THE INPUT →
========================
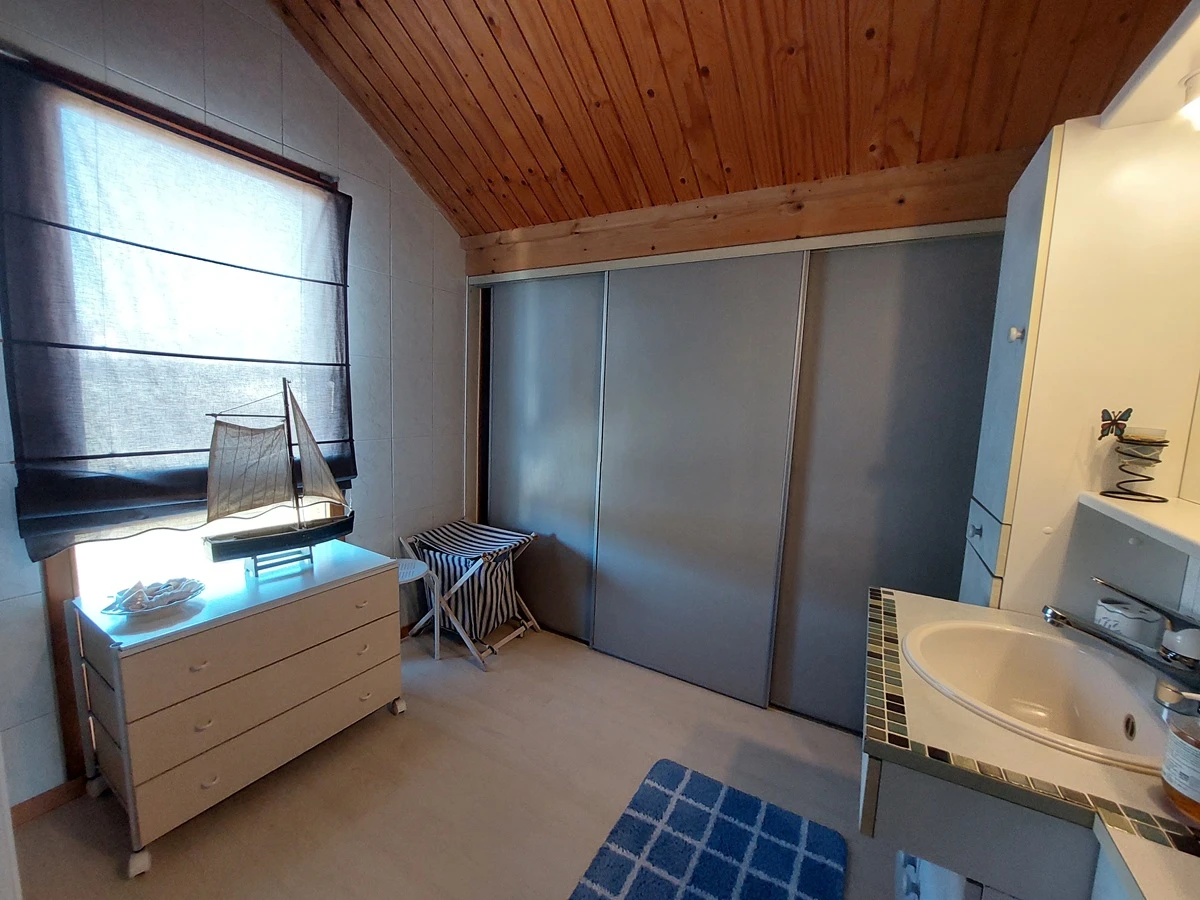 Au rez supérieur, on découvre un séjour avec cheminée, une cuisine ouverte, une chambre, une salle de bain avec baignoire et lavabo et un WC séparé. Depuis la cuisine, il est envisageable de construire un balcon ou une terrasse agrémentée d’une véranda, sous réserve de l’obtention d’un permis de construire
========================
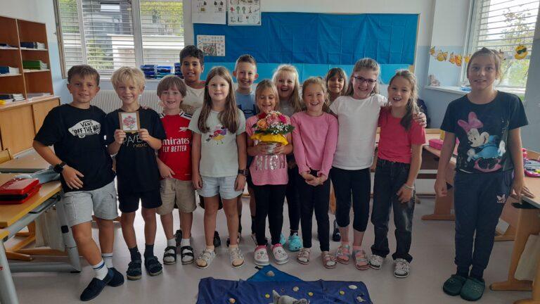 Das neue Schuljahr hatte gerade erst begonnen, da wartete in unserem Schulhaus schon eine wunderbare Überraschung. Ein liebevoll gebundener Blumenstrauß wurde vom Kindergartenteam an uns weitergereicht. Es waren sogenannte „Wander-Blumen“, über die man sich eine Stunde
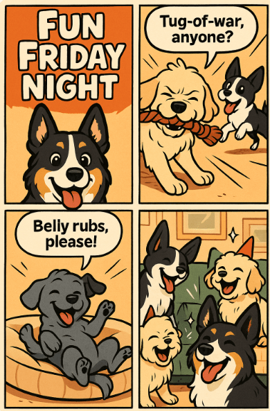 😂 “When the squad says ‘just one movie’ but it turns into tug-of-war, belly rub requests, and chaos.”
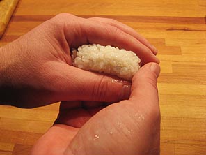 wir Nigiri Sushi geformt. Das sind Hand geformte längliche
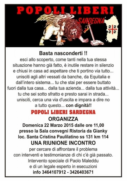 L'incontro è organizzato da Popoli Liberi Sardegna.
========================
WHAT THE EXERCISE ASKS →
Using the listing above, repeat word for word each line from the one with "Das neue Schuljahr" down to the one with "L'incontro è organizzato", both included. Omit all pictures.

OUTPUT OF THE TASK →
 Das neue Schuljahr hatte gerade erst begonnen, da wartete in unserem Schulhaus schon eine wunderbare Überraschung. Ein liebevoll gebundener Blumenstrauß wurde vom Kindergartenteam an uns weitergereicht. Es waren sogenannte „Wander-Blumen“, über die man sich eine Stunde
 😂 “When the squad says ‘just one movie’ but it turns into tug-of-war, belly rub requests, and chaos.”
 wir Nigiri Sushi geformt. Das sind Hand geformte längliche
 L'incontro è organizzato da Popoli Liberi Sardegna.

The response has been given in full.